Wcześniej tego dnia we "Wstajesz i wiesz" w TVN24 Owsiak podkreślił, że bardzo dobrze zna problemy dorosłych osób niepełnosprawnych oraz ich rodziców. - Słowa wsparcia z fundacji [WOŚP - red.] płyną bardzo ogromne - zapewnił.

Mówiąc o protestujących, stwierdził, że "mamy do czynienia z bardzo zdeterminowaną ekipą". - To także dzieci, które mówią: fantastycznie, że skoro (posłowie - red.) możecie podjąć ustawy w nocy, to w związku z tym nie ma trudności, aby te pieniądze zagospodarować - opowiadał.

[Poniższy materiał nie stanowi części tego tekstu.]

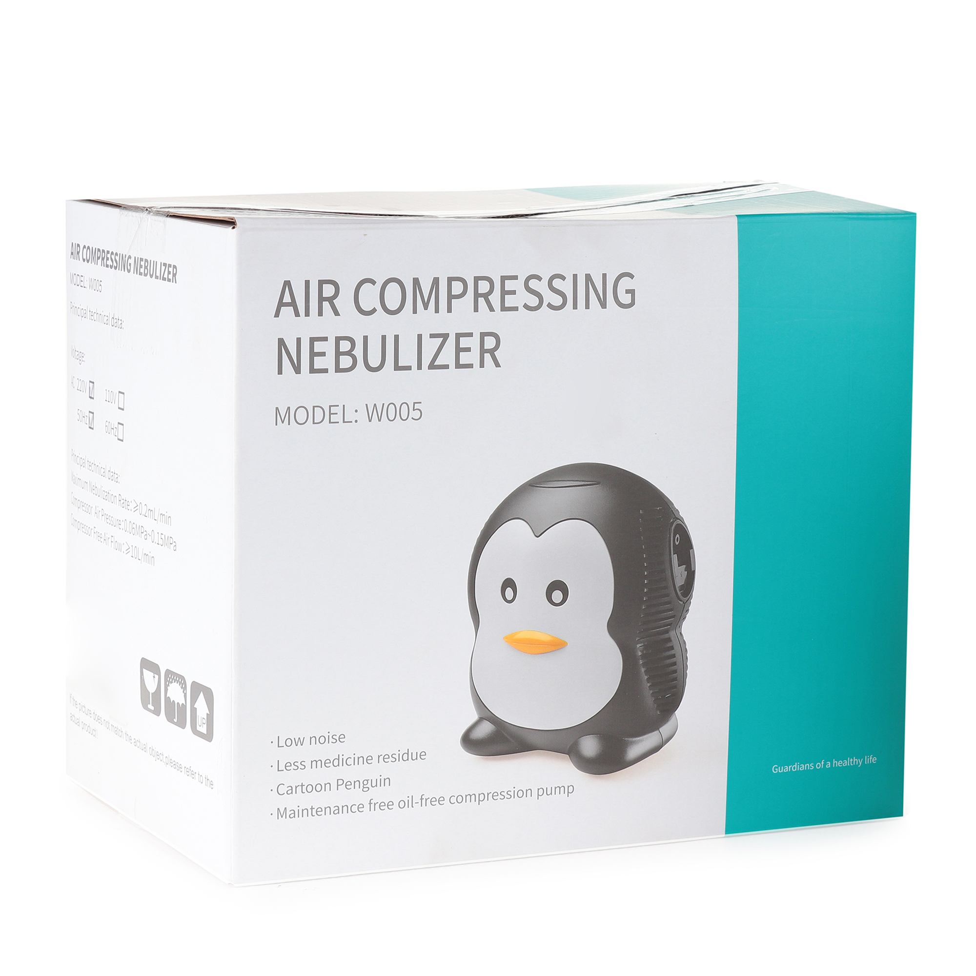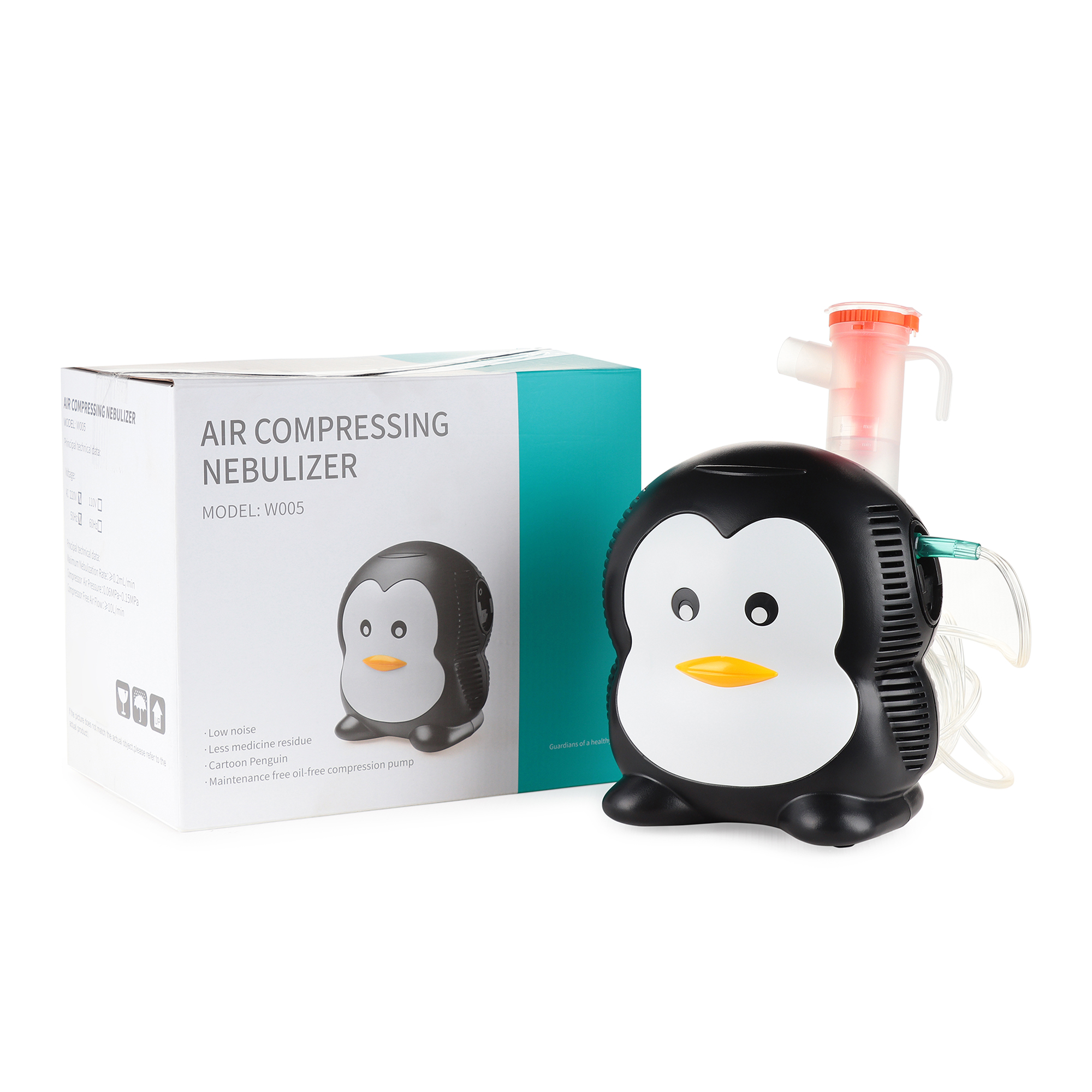 W005: Этот воздушный небулайзер, выполненный в оригинальном дизайне «пингвинёнка», разработан специально для самых маленьких пациентов, снижая их тревогу перед ингаляцией. Инновационное решение превращает терапию в комфортную процедуру, что способствует положительному настрою и ускорению выздоровления. Регулировка воздушного потока позволяет исключить неприятные ощущения, а удобное крепление для лекарств и прорезиненные ножки минимизируют шум и вибрацию.

Zdaniem Owsiaka przez lata bagatelizowano problemy, z jakimi borykają się dorosłe osoby niepełnosprawne i ich rodzice.

Szef WOŚP alarmował, że opieka nad niepełnosprawnymi dziećmi najczęściej spoczywa na matkach. - Na dziesięć takich rodzin, siedem to są panie, które z tymi dziećmi są - wskazał gość "Wstajesz i wiesz".

"Temat jest zapomniany"

Owsiak przekazał, że Fundacja WOŚP zdecydowała się zwiększyć wsparcie dla osób niepełnosprawnych.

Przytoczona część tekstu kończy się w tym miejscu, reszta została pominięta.